Memory Foods:
What Helps Prevent Memory Loss?

M. Chris Wolf, Ph.D.

Memory foods are an issue that concerns many people as they age and their memory comes more into focus. Should you consume more or less calories as you age? Are their certain foods that we should avoid.

Recent research on the topic of nutrition, food and memory was presented at the American Academy of Neurology's 64th Annual Meeting in New Orleans April 21 to April 28, 2012. Mild Cognitive Impairment (MCI) is the stage between normal memory loss that comes with aging and early Alzheimer's disease.

Memory Foods Researched

The researchers reported, "We observed a dose-response pattern which simply means; the higher the amount of calories consumed each day, the higher the risk of MCI," said research director Yonas E. Geda, MD, MSc, with the Mayo Clinic in Scottsdale, Arizona and a member of the American Academy of Neurology.

The research involved 1,233 subjects between the ages of 70 and 89 who were free of dementia residing in Olmsted County, Minn.
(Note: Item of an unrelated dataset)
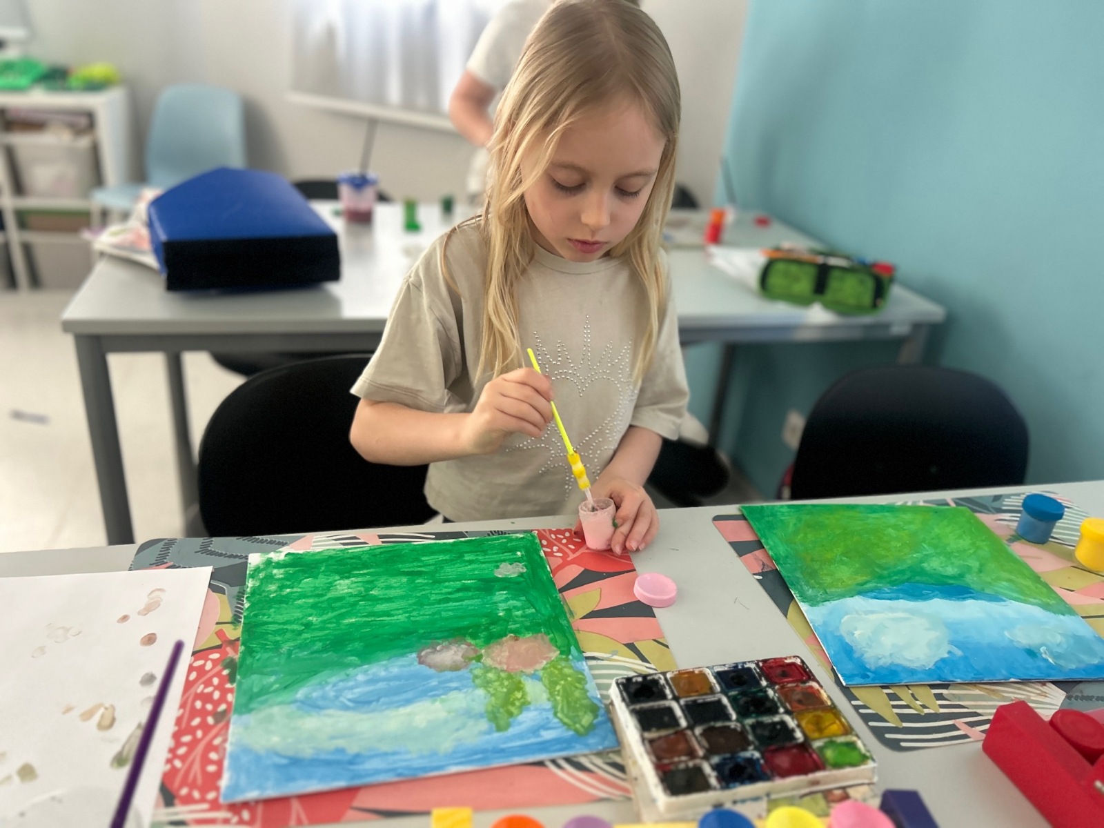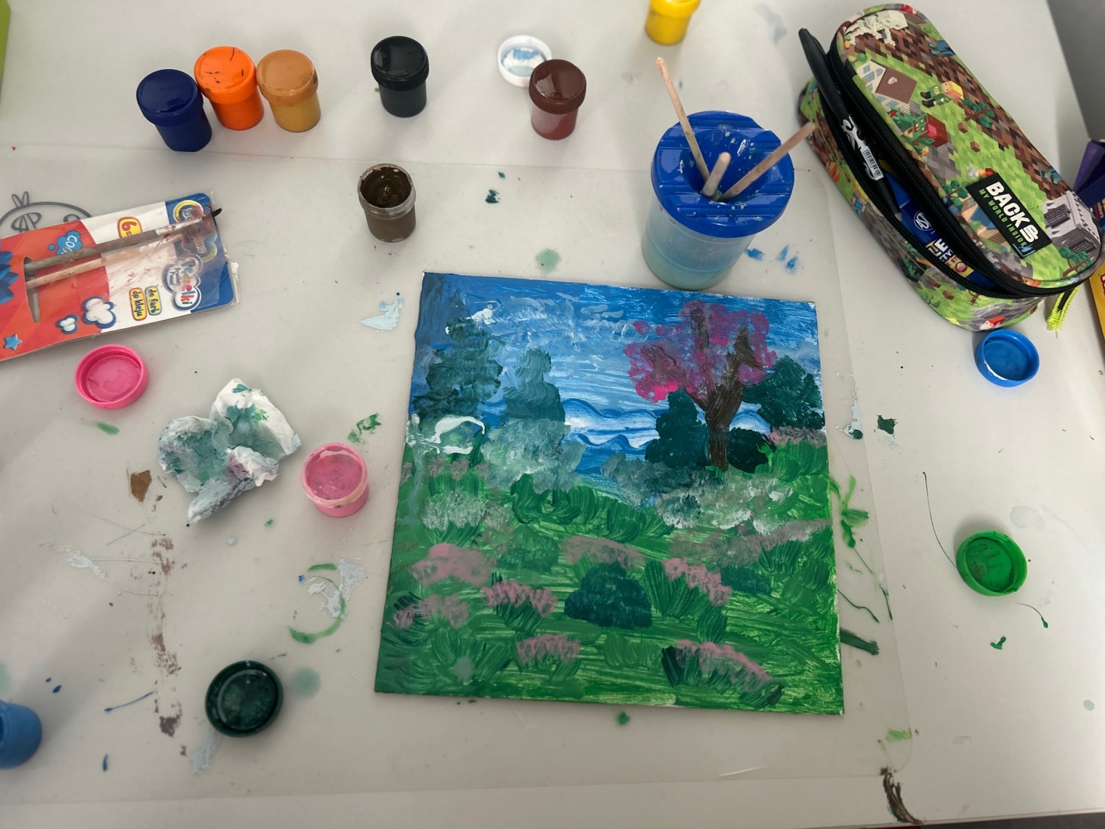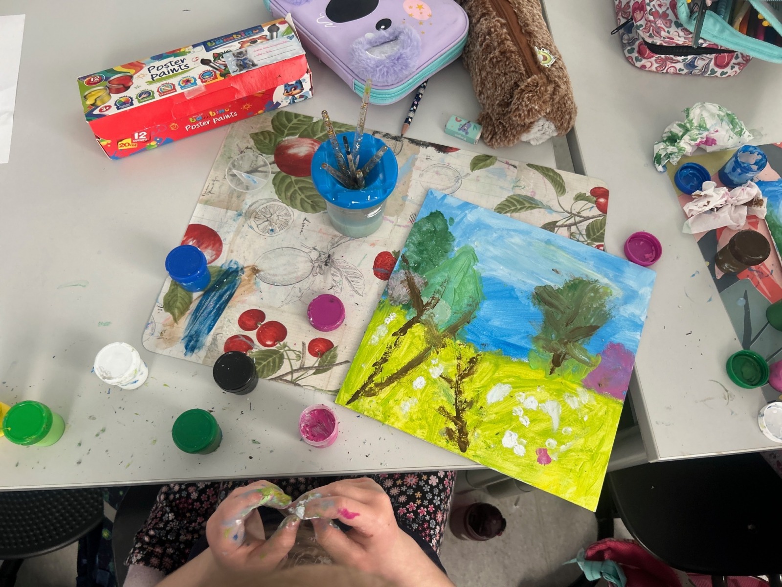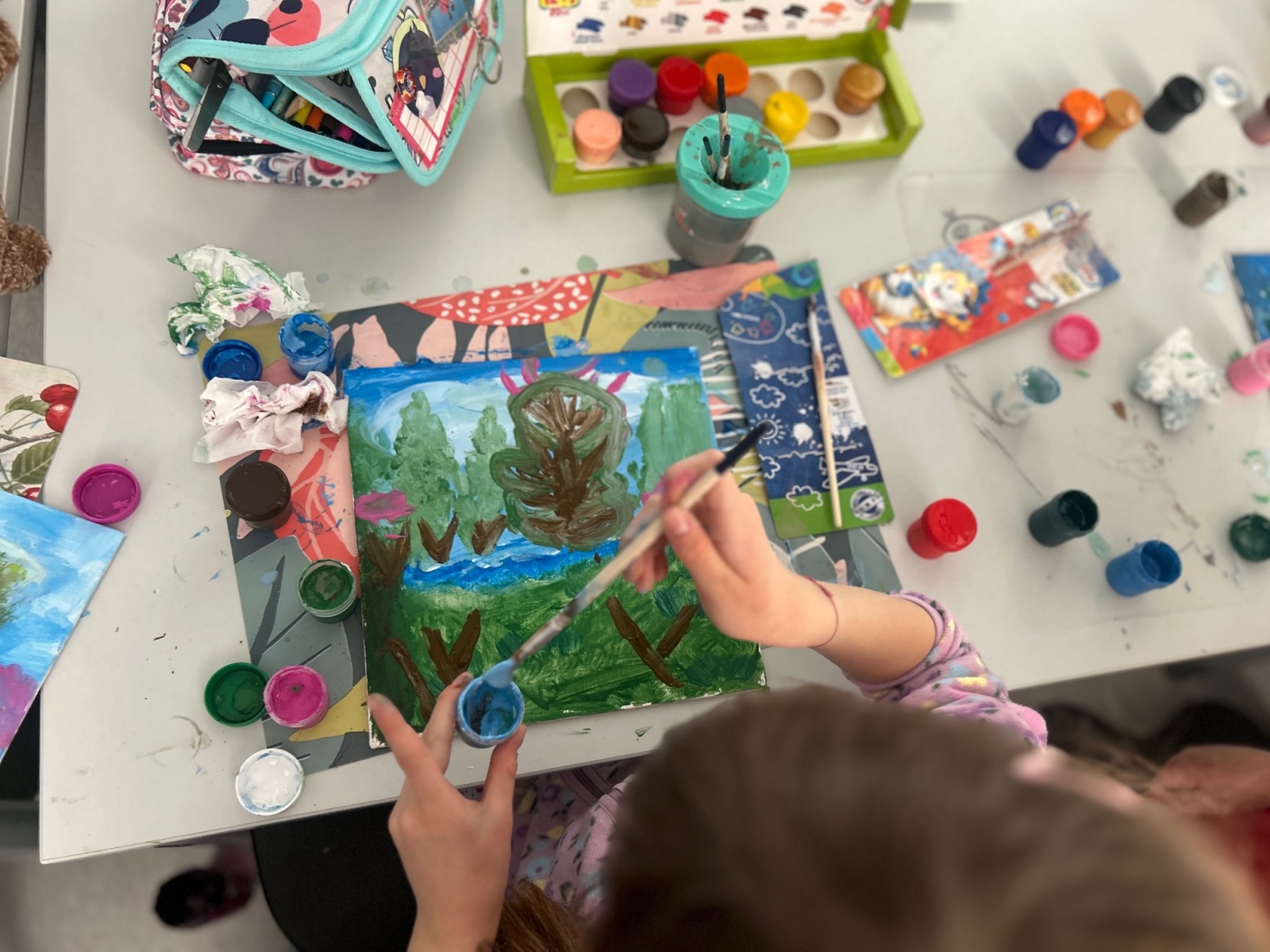 Podczas zajęć przyrodniczych uczniowie z zaangażowaniem odkrywali pierwsze zwiastuny wiosny. Rozpoznawali budzące się do życia rośliny, obserwowali zmiany w przyrodzie i dzielili się swoimi spostrzeżeniami. Zainspirowani obrazem „Wiosna w lesie” wykonali własne wiosenne obrazy.

Of those, 163 had MCI. Participants reported the amount of calories they ate or drank in a food survey and were divided into three equal groups based on their daily caloric use. One-third of the participants consumed between 600 and 1,526 calories per day, one-third between 1,526 and 2,143 and one-third consumed between 2,143 and 6,000 calories per day.

Memory Foods and MCI

The probability of having MCI more than doubled for those in the greatest calorie-consuming group compared to those in the lowest calorie-consuming bracket. The results were identical after adjusting for history of stroke, diabetes, amount of education, and other variables that can affect risk of memory loss. There was no significant difference in risk for the middle group.

"Cutting calories and eating foods that make up a healthy diet may be a simpler way to prevent memory loss as we age," said Geda.

The co-authors of the study include Ronald C. Petersen, MD, Fellow of the American Academy of Neurology, and other researchers with the Mayo Clinic Study of Aging in Minnesota.

New research suggests that consuming between 2,100 and 6,000 calories per day may double the risk of memory loss, or mild cognitive impairment (MCI), among people age 70 or greater. It is not known what the effects is on memory in other age groups.

You can learn more about Alzheimer's disease and its effects by visiting other pages on our site.

The study was supported by the National Institutes of Health, the Robert Wood Johnson Foundation and the Robert H. and Clarice Smith and Abigail van Buren Alzheimer's Disease Research Program.